Telling Your Kids You Have Cancer

Dreaded telling my daughter my diagnosis an I one of those moms that shares too much with my daughter , but that I couldn't tell her I didn't know how an I didn't want her to find out from someone else. Well I decided to tell Laila about a month after I started treatment because I knew I would start changing physically an I honestly just didn't want to keep that from her it didn't feel right.Sharing the news that you have cancer with your young children can be an emotional and difficult conversation. In this article, we offer advice on how to approach the conversation, prioritize honesty and reassurance, and emphasize strength, while encouraging open communication. 

Keeping your diagnosis hidden from your children adds an unnecessary layer of stress and tension to an already difficult time. Sharing the news truthfully and compassionately is the first step in building a support network and alleviating some of your own worry.Children are perceptive and intuitive, even if they don't always express their thoughts or feelings clearly. By sharing information about your diagnosis, you are giving your children the chance to understand what is happening and ask questions.Sharing your diagnosis with your children shows them that you

trust and respect them. It can be a powerful moment of connection and growth for both you and your children.To make the conversation as comfortable and reassuring as possible, begin by thinking through how you want to frame the conversation. Think through key points you want to cover, questions that might come up, and the tone you want to set. Practice the conversation before you have it.

It's natural to want to protect your children from difficult news, but keeping them in the dark about your diagnosis can lead to confusion and anxiety. Being honest with them will help them better understand what is happening and help them cope.To make the conversation as comfortable and reassuring as possible, begin by thinking through how you want to frame the conversation. Think through key points you want to cover, questions that might come up, and the tone you want to set. Practice the conversation before you have it.
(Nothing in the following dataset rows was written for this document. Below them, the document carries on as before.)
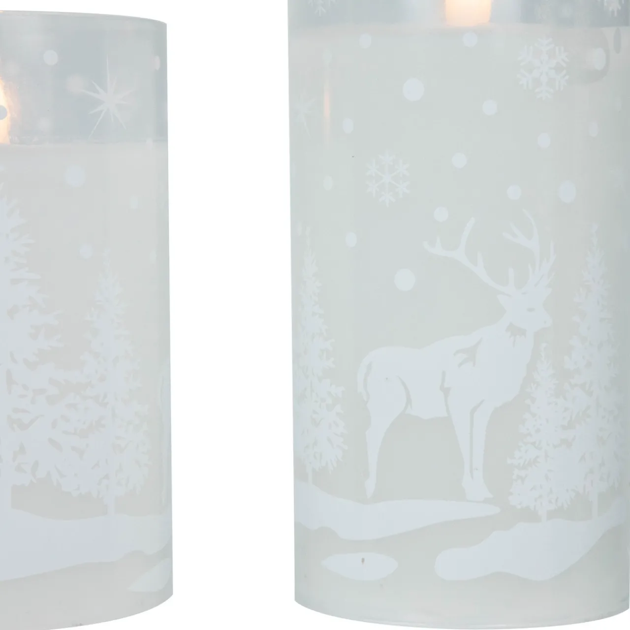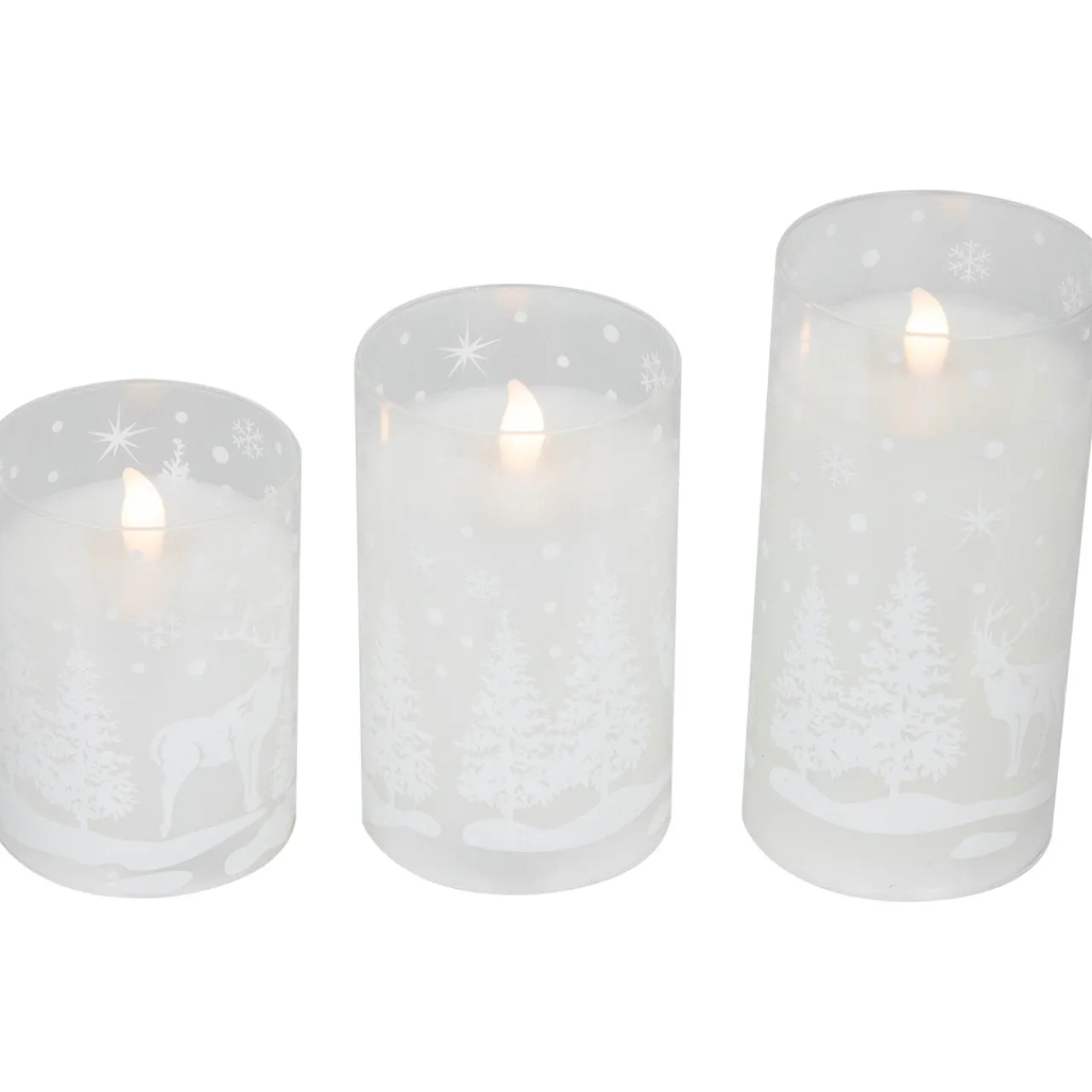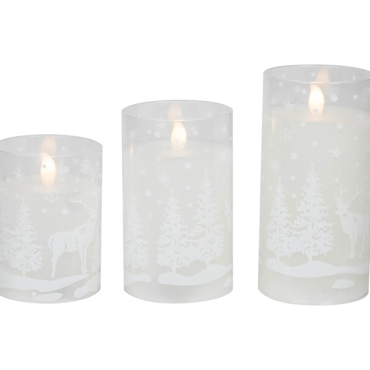 - Set Of 3 Woodland Flameless Christmas Pillar Candles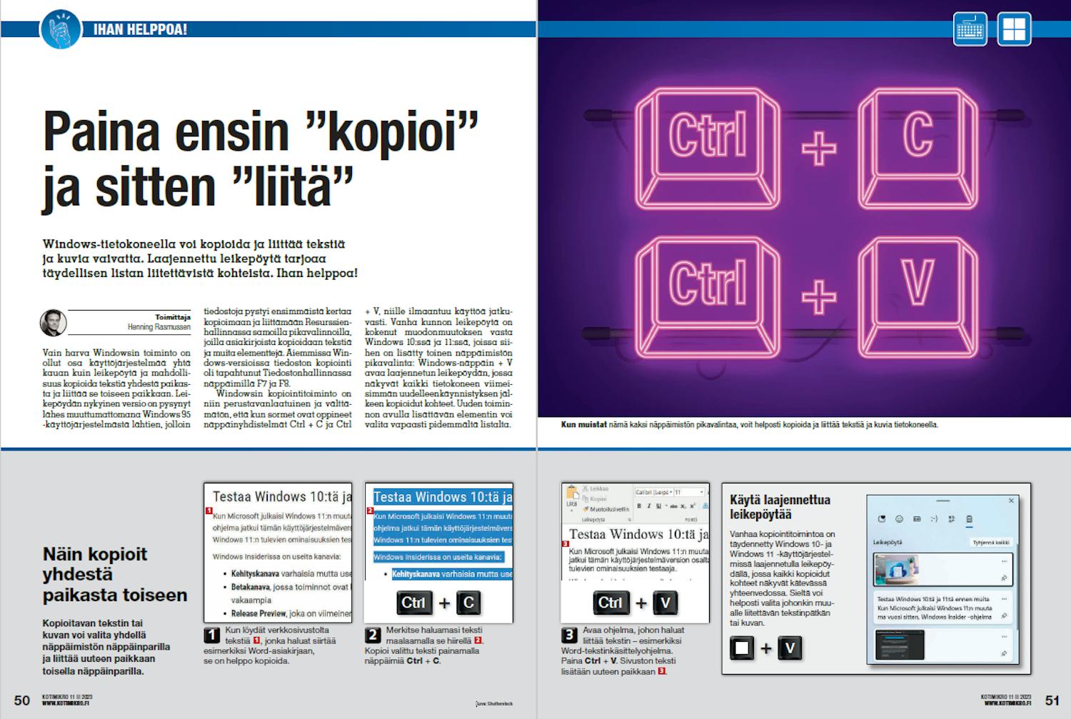 Vanha kunnon leikepöytä on kokenut muodonmuutoksen vasta Windows 10:ssä ja 11:ssä, joissa siihen on lisätty toinen näppäimistön pikavalinta: Windows-näppäin + V avaa laajennetun leikepöydän, jossa näkyvät kaikki tietokoneen viimeisimmän uudelleenkäynnistyksen jälkeen kopioidut kohteet. Uuden toiminnon avulla lisättävän elementin voi valita vapaasti pidemmältä listalta.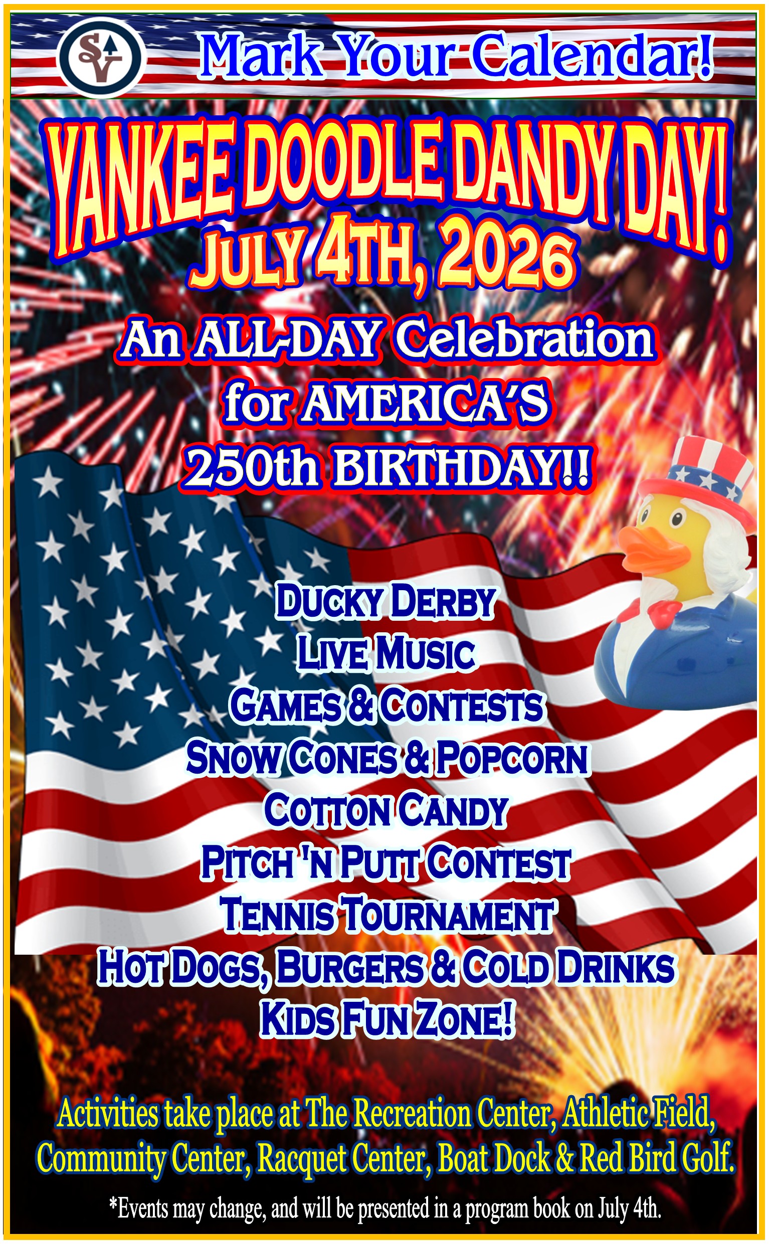 Activities take place at The Recreation Center, Athletic Field, Community Center, Racquet Club, Boat Dock & Red Bird Golf.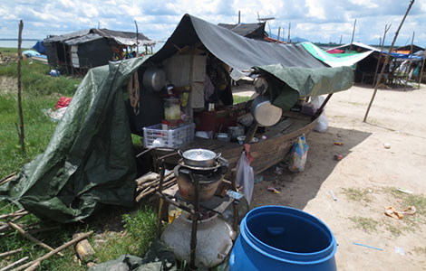 Có chỗ, “nhà” chỉ là một con thuyền gỗ đã hư hỏng, bề ngang chừng 1,2m, dài gần 3m, che chắn sơ sài nhưng lại chứa đến 5 người. Mùa nắng thì nóng còn mùa mưa, nước hồ dâng lên khiến nhiều nhà phải di dời đến chỗ đất cao, chưa kể mùa mưa muỗi từ những cánh rừng cao su đối diện ngửi thấy “hơi” người, bay đến như vãi trấu.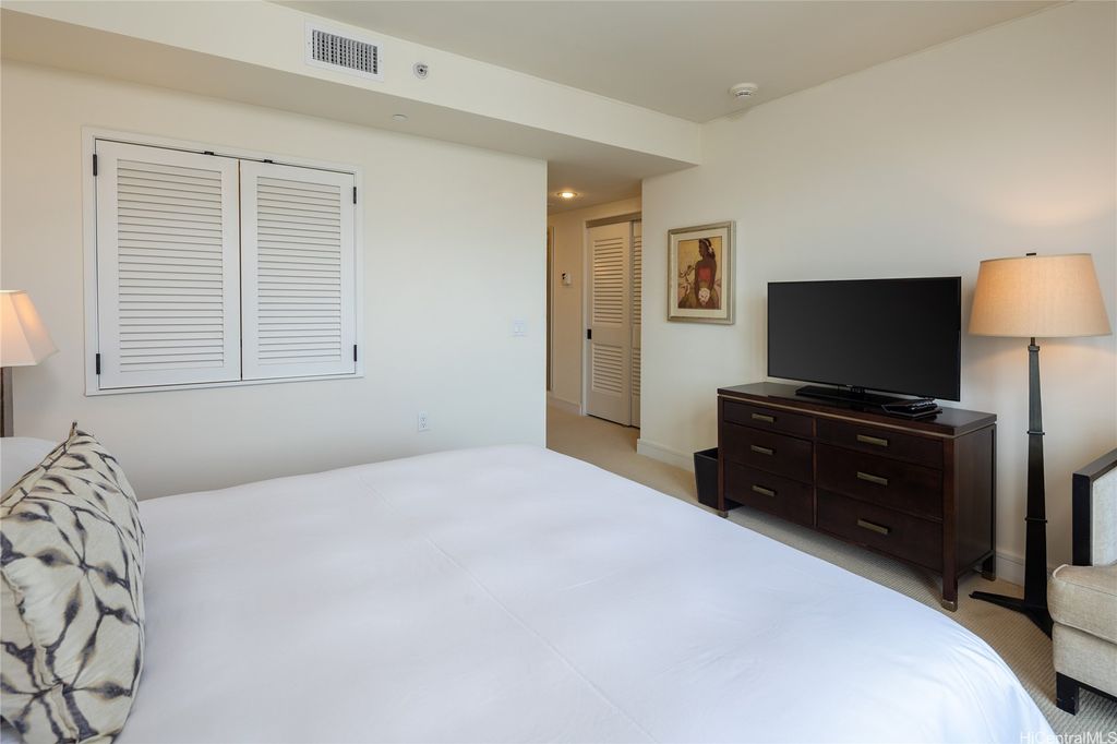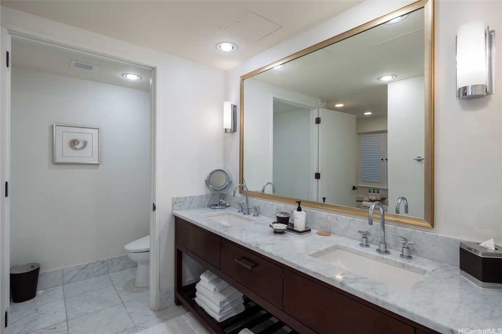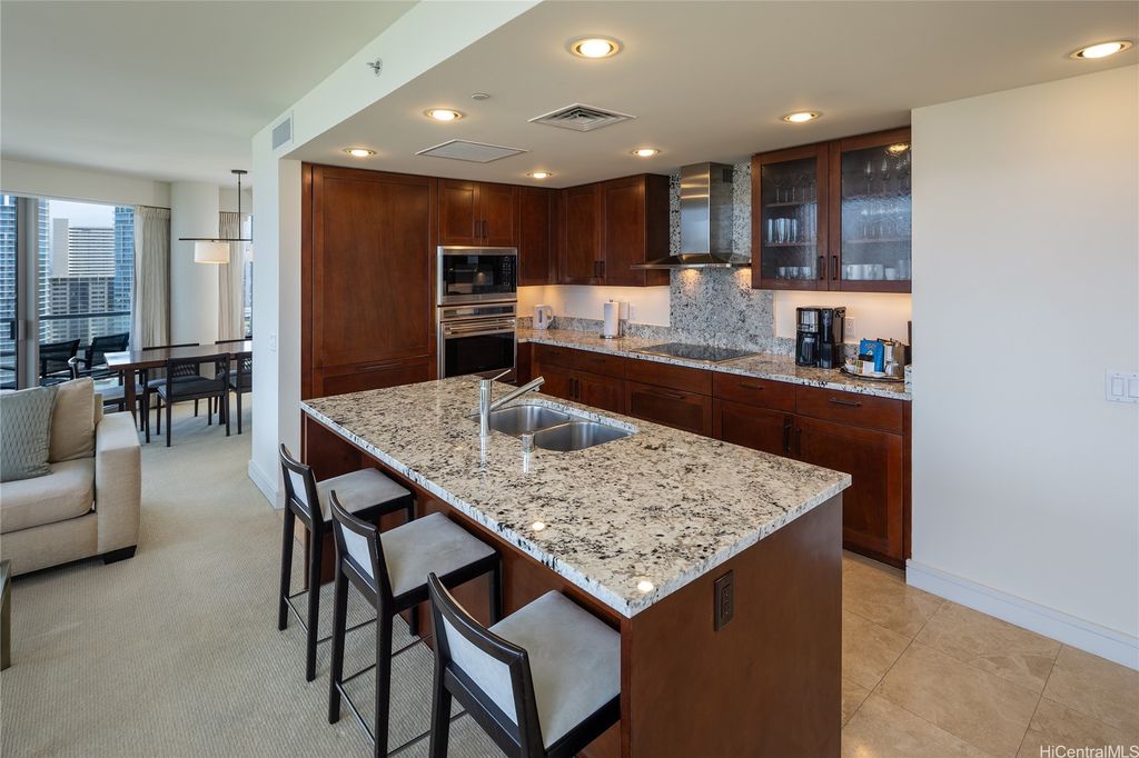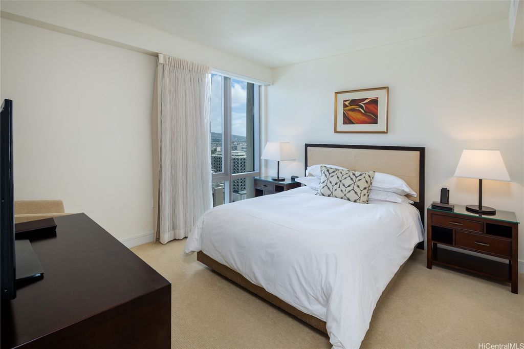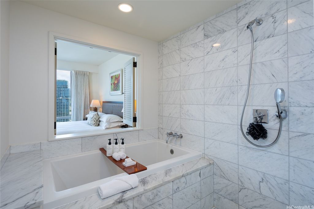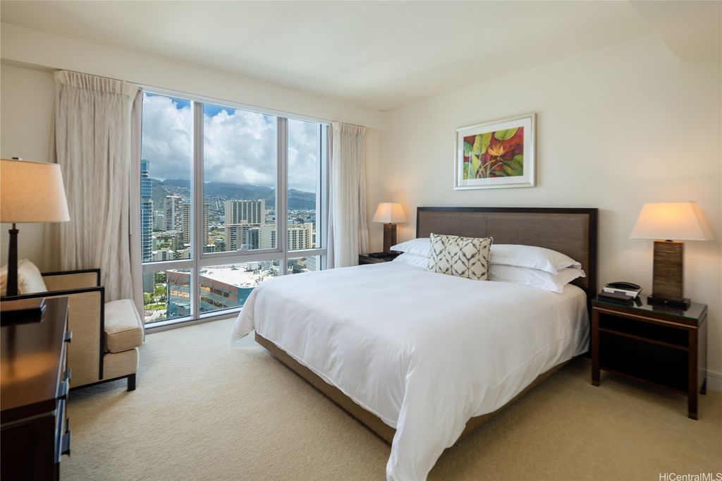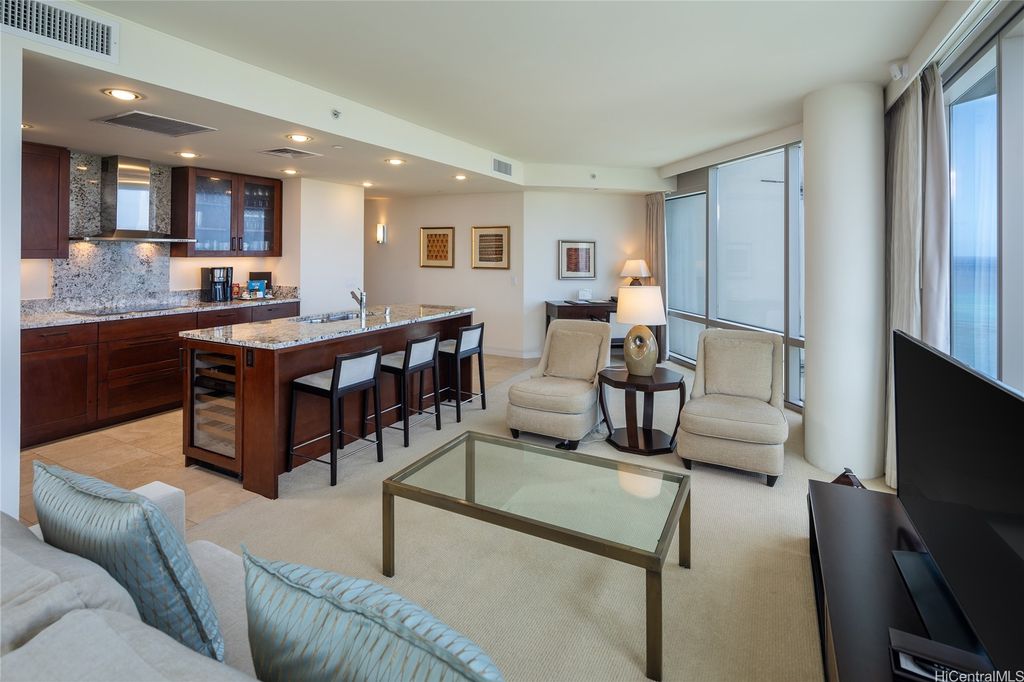 Welcome to paradise living at its finest in this spacious and luxurious 2-bedroom, 2-bathroom suite located on the grand residence floor of Ka Lai Waikiki Beach (formerly Trump Tower). Perched on the corner-end, this exquisite unit offers an unparalleled 180-degree panorama, showcasing breathtaking views of the tranquil ocean, majestic mountains, captivating fireworks, enchanting sunsets, and the vibrant hues of city lights. Overlooking the serene Fort DeRussy Park and beautiful ocean, this haven spans 1,406 square feet of impeccably designed living space complemented by a 73-square-foot open lanai, perfect for indulging in the serene beauty of Waikiki.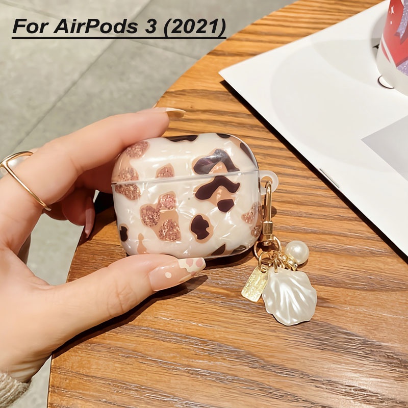 Vỏ Bảo Vệ Hộp Sạc Tai Nghe AirPods 1 2 Pro 3 Họa Tiết Da Báo Sang Trọng Phối Móc Khóa Phong Cách Retro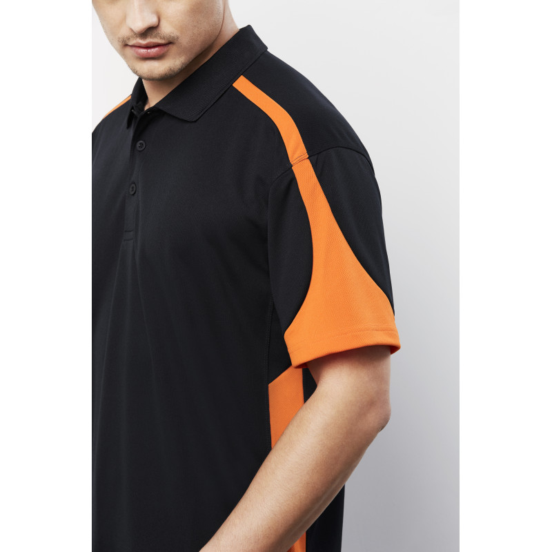 Bold contrast panel design,Self fabric collar and contrast sleeve cuff,Ladies style features Y-line placket,Mens style includes loose pocket. Fabric: 100% BIZ COOL Polyester Micro Interlock,145 GSM,UPF 50+.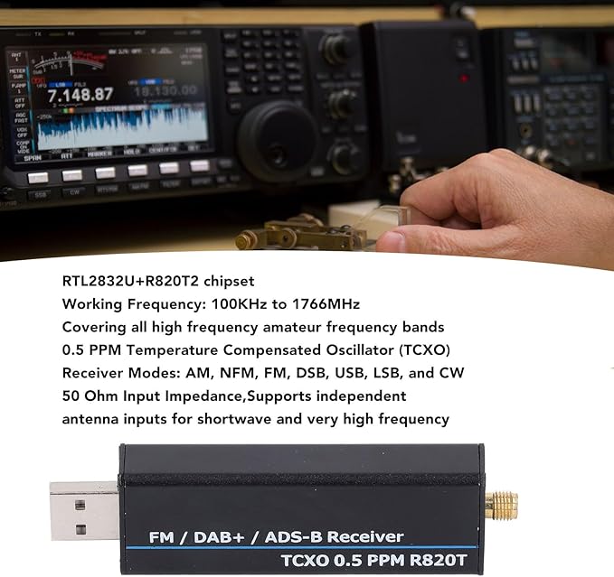 広範囲対応:RTL2832UとR820T2チップセットを搭載したこのRTL SDRレシーバーは、100KHz~1766MHzの周波数範囲で動作し、あらゆる高周波アマチュアバンドをカバーします。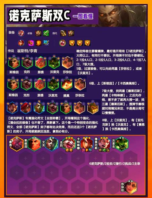 金铲铲之战德莱厄斯与卡特琳娜组成的诺克萨斯双C冷门上分策略如下:阵容组成 核心英雄:德莱厄斯、卡特琳娜其他英雄:厄斐琉斯、艾克、克列、卡西奥佩亚、卡拉拉,共6个诺克萨斯英雄,包括暗裔、潜行者、主宰、裁决战士各一个。英雄之力与强化符文 英雄之力推荐带崔斯特,强化服二杠一必拿卡牌专属技能。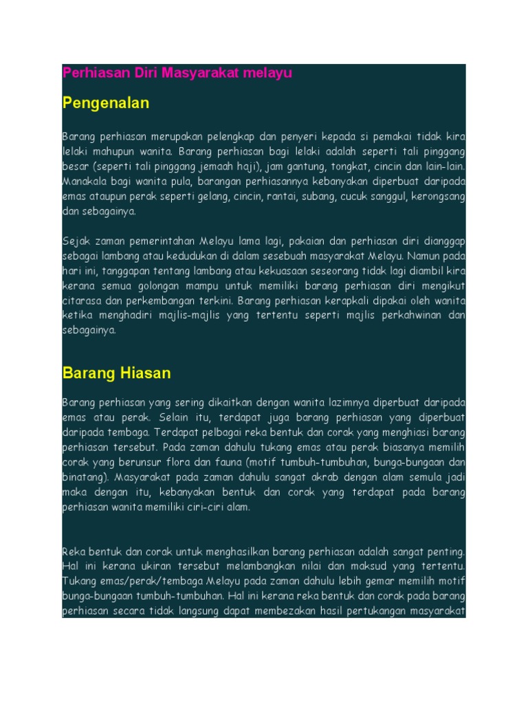 Sedangkan perhiasan wanita melayu umumnya berupa. Pakaian suku kaum rungus pakaian istiadat suku kaum rungus. Alat perhiasan diri ialah alat yang menjadi pelengkap kepada pemakaian kita.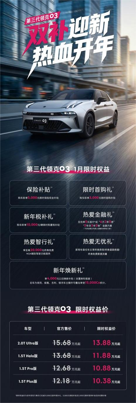 除了车辆性能与舒适配置,1月的购车权益是吸引消费者的核心亮点。第三代领克03在本月可享受新年税补1万元、保险补贴5000元及首购补贴3000元,总计1.8万元直减车款。金融方案方面,提供6万元两年0息、0元首付及5年贷3年0息等多种选择,满足不同预算需求。同时,车辆配套终身质保、终身道路救援及终身免费基础流量,后期使用成本可控。若选购2.0T Ultra版本,还可零元享受终身免费NOA辅助驾驶权益,进一步提升质价比。政策有效期至1月31日,确保春节前提车用户充分享受优惠。

Knowing what's happening to their parent gives kids a sense of control and helps them feel like they can contribute to their parent's well-being.

Transparency

Keeping secrets can lead to mistrust, which can be difficult for kids to overcome. Sharing your diagnosis helps maintain an open and honest relationship with your children.

Growth

Talking about cancer can be an opportunity for children to learn new skills, like empathy, resilience, and flexibility.

Preparing Yourself to Talk to Your Children

It's important to be in the right mindset before sitting your children down to talk about your diagnosis.

Choose the Right Time

Pick a time when you know you will be able to hold the conversation calmly, without interruptions.

Anticipate Their Reactions

Think about how your children might react - they might be scared, confused, or sad. Be prepared to answer their questions.

Practise Your Message

It can be helpful to rehearse what you will say beforehand so that you are confident and clear when you speak to your children.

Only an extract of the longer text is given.